• [Items from a data source]
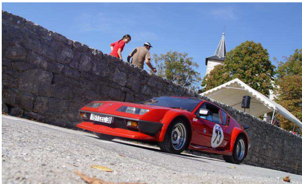
La montée historique de Montagnole
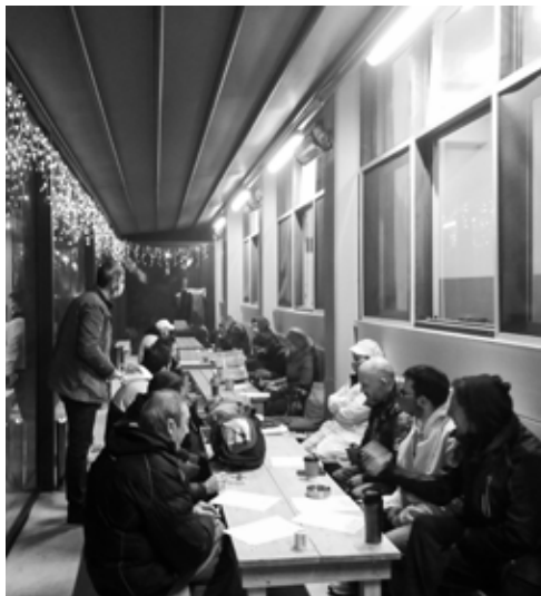
Απο περιοδεία του ΕΚΙ στην ΠΙΝΔΟ
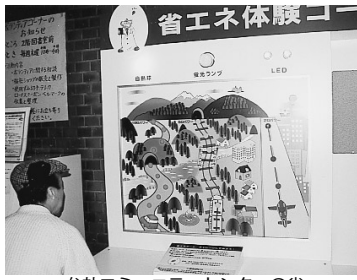
牟礼コミュニティセンターの省エネ体験コーナー
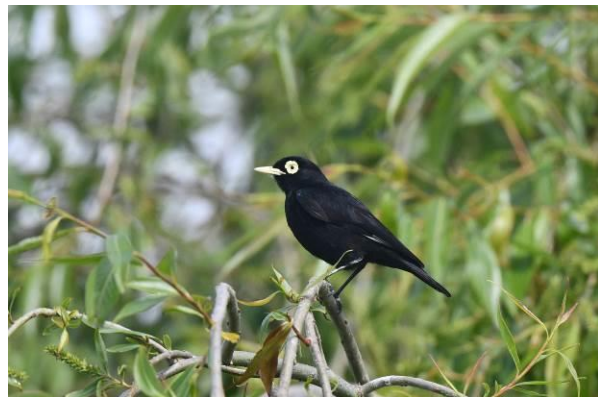
Rufous-legged Owl en Spectacled Tyrant, omgeving Puerto Varas
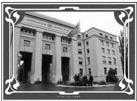
Мал. 4. Палац Нацый. Жэнева, 2017 г.
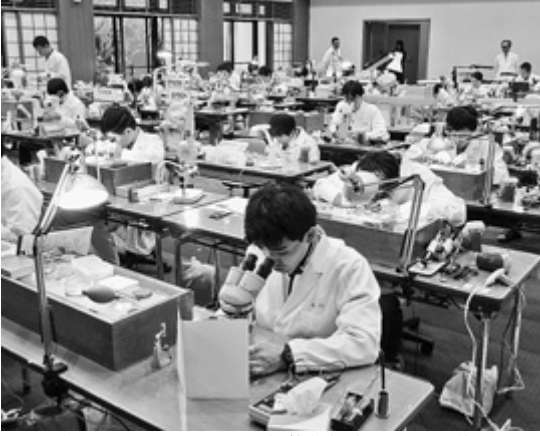
滋賀県で行われた時計技能競技全国大会の様子

10月22日から24日までの3日間、滋賀県大津市の近江勤業館で、全日本時計宝飾眼鏡小売協同組合(ジョウ・ジャパン)主催による「第28回時計技能競技全国大会」(後援：厚生労働省、滋賀県、中央職業能力開発協会、日本時計協会)が開催された。今回は12月に千葉県で技能五輪が開催されることもあり、例年よりも1カ月早い開催となった。
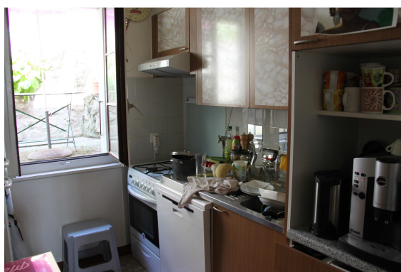
3 pièces côté Ouest
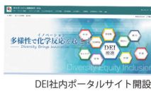
DEI社内ポータルサイト開設
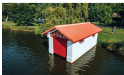
La réhabilitation de la « Maison » de la Faucardeuse par les services municipaux.
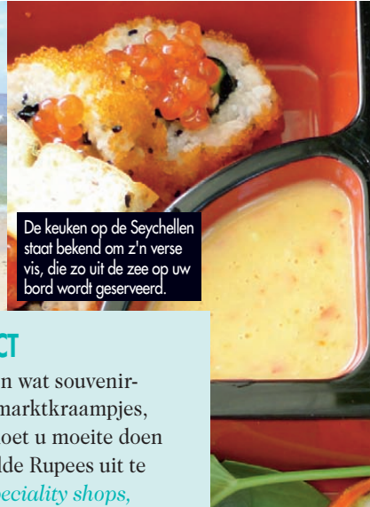
De keuken op de Seychellen staat bekend om z'n verse vis, die zo uit de zee op uw bord wordt geserveerd.
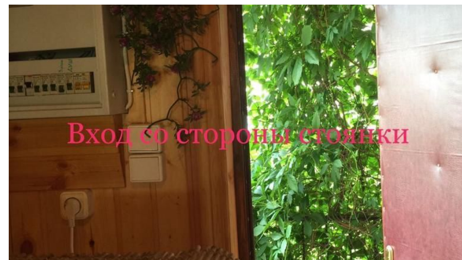
Вход со стороны стоянки
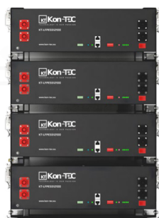
Montaż w stosie / szafie rack
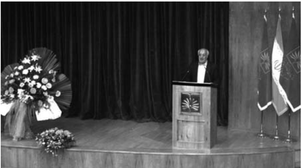
سخنرانی علی اکبر اشعری مشاور فرهنگی رئیس جمهور و رئیس سازمان اسناد و کتابخانه ملی ایران در روز اسناد ملی

تلاش و پیگیری دست‌اندرکاران آرشیو ملی برای نامگذاری روزی به نام روز اسناد ملی، از سال ۱۳۷۰ش. / ۱۹۹۱م. آغاز و در اواخر ۱۳۷۴ش. /
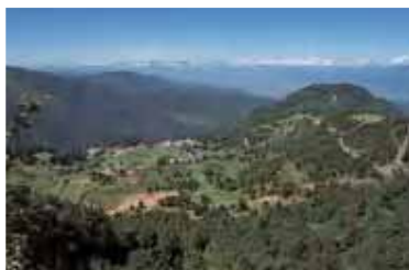
山田牧場 明治33年創立という由緒ある公共牧場。159haの放牧地に100頭以上の牛や馬が放牧されています。

そんな高原の夏は、キャンピングやハイキング、笠岳トックینگなどを楽しむ人々で賑わいます。
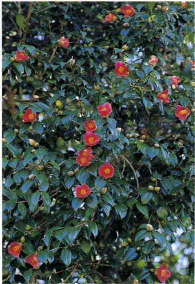
ヤブツバキ ツバキ科

高さ2~3mにもなる多年草。茎は直立し、葉は披針形で多数つく。10~11月、茎頂に黄色の小花を多数つける。地下茎から他の植物の生長を阻害する物質を分泌しながら繁殖する。北米原産の帰化植物で空地、荒地、土手などに群生する。
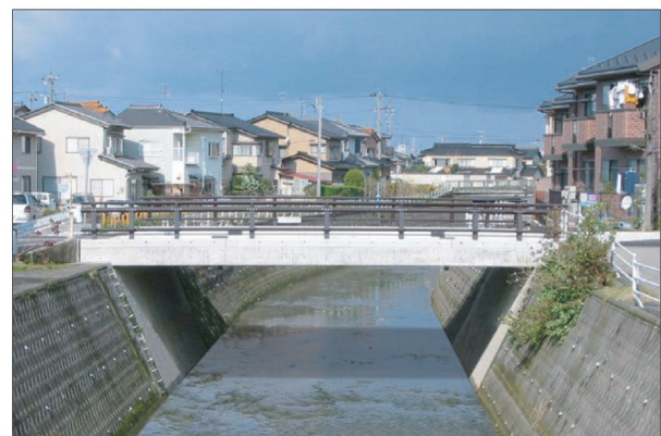
■石川県金沢市 / 太郎田橋上部工架替工事
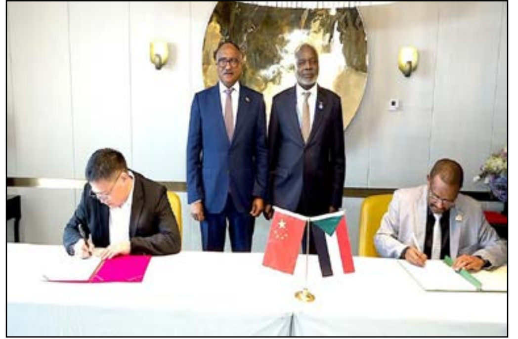
التوقيع على إتفاق بين مجموعة جياڤ الهندسية ومجموعة من الشركات الصينية العاملة في صناعة السيارات
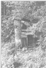
Келья для уединения (липовое дупло)

...Другой раз он служит молебен, болящая там стоит. Я стою сзади, так чуть-чуть немножко в сторонке. И смотрю: клоч волос при нас падает к отцу Виталию сзади. Ой, у меня волосы дыбом встали. Я так испугалась! Я б могла вот так поднять голову и увидеть направление руки... стояло так человек пять, наверно, но я до того испугалась! я сейчас так говорю — и меня в дрожь... До того
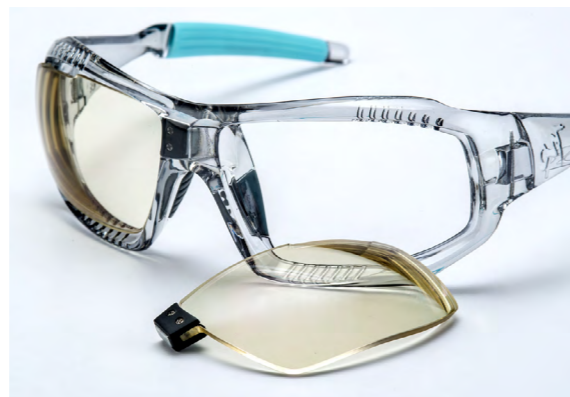
圖 2. 矯正型運動太陽眼鏡
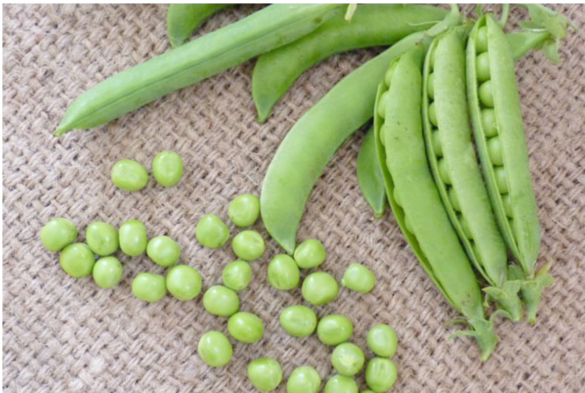
Fig. 3.1. Tipo de ponta da vagem - romba

Em condições de estufa, foram observadas vagens com neoplasmas - um crescimento de tecido caloso a partir dos estomas das vagens em maturação - na variedade Sovin (Fig. 4). Estas formações devem-se à falta de luz ultravioleta em condições de estufa (Teshome et al., 2016; Sari et al., 2020).
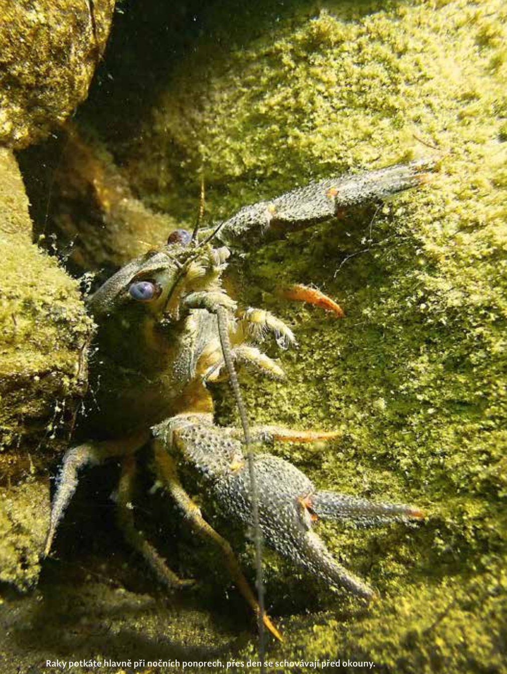
Raky potkáte hlavně při nočních ponorech, přes den se schovávají před okouny.

po těžbě; většina atrakcí je vyvázána linkami pro jejich snadnější nalezení.
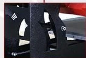
Double Gas Spring
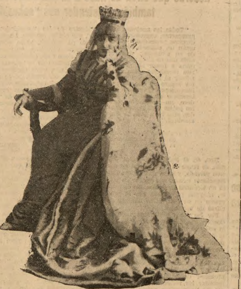
gestos de María Guerrero tendrían muchos años la virtud necesaria para repetirse y subsistir en determinadas zonas de la expresión dramática. Ecos de su voz los oímos aún.

—Verá usted—nos dice con acento dolorido—. De María conservo en la memoria infinidad de recuerdos, como usted puede comprender. ¡Cuántos no habremos compartido en tantos años de vida catrinesca de amor y de arte!... Pero, desde luego, el suceso que más la emocionó y que dejó en mí impresión inolvidable, recuerdo, fue el día de la inauguración, en Buenos Aires, del teatro Cervantes... ¡Significaba tanto aque-
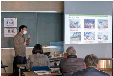
サクラや山桜の魅力を学ぶ
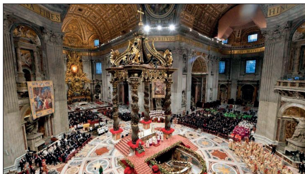
Basilica de San Pedro en la Clausura del Año Santo

Es la Epifanía de la gratuidad. No nos espera en los lugares prestigiosos, sino en las realidades humildes. «Y tú, Belén, tierra de Judá, ciertamente no eres la menor entre las principales ciudades de Judá» (Mt 2,6). Cuántas ciudades, cuántas comunidades necesitan que se les diga: “Ciertamente no eres la menor”. Sí, ¡el Señor nos sigue sorprendiendo! Se deja encontrar. Sus caminos no son nuestros caminos, y los violentos no consiguen dominarlos, ni los
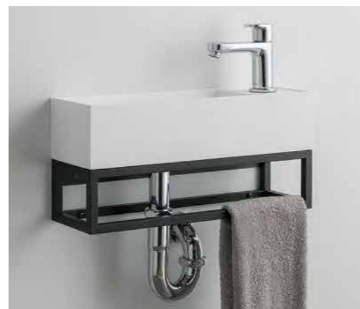
手洗い Type02 スチールタイプ
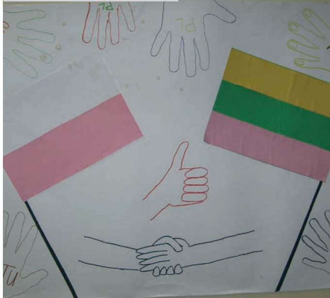
Młodzi Europejczycy głoszą na Tolerancję!
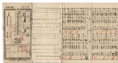
家庭用米穀配給通帳 昭和20年
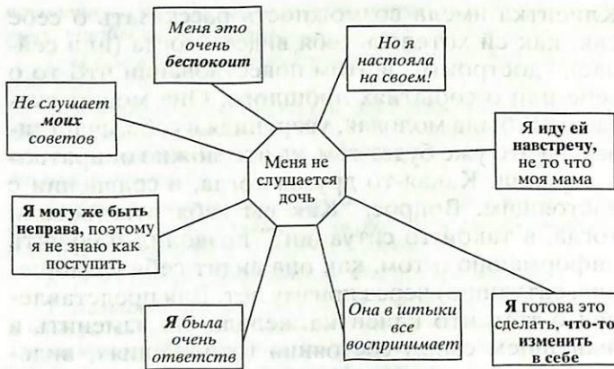
Рис. 2. Карта концептов клиента и первичный запрос клиента.

лее важным, на каком из уровней клиент предъ- являет информацию.
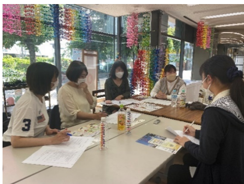
SDGirlsとゆめ伴さんとの打ち合わせの様子

• [Exercise]
Where a picture appears in the records above, omit it, and transcribe exactly the stretch of lines from the one with "3 pièces côté Ouest" through the one with "سخنرانی علی اکبر".

• [Solution below]
3 pièces côté Ouest
DEI社内ポータルサイト開設
La réhabilitation de la « Maison » de la Faucardeuse par les services municipaux.
De keuken op de Seychellen staat bekend om z'n verse vis, die zo uit de zee op uw bord wordt geserveerd.
Вход со стороны стоянки
Montaż w stosie / szafie rack
سخنرانی علی اکبر اشعری مشاور فرهنگی رئیس جمهور و رئیس سازمان اسناد و کتابخانه ملی ایران در روز اسناد ملی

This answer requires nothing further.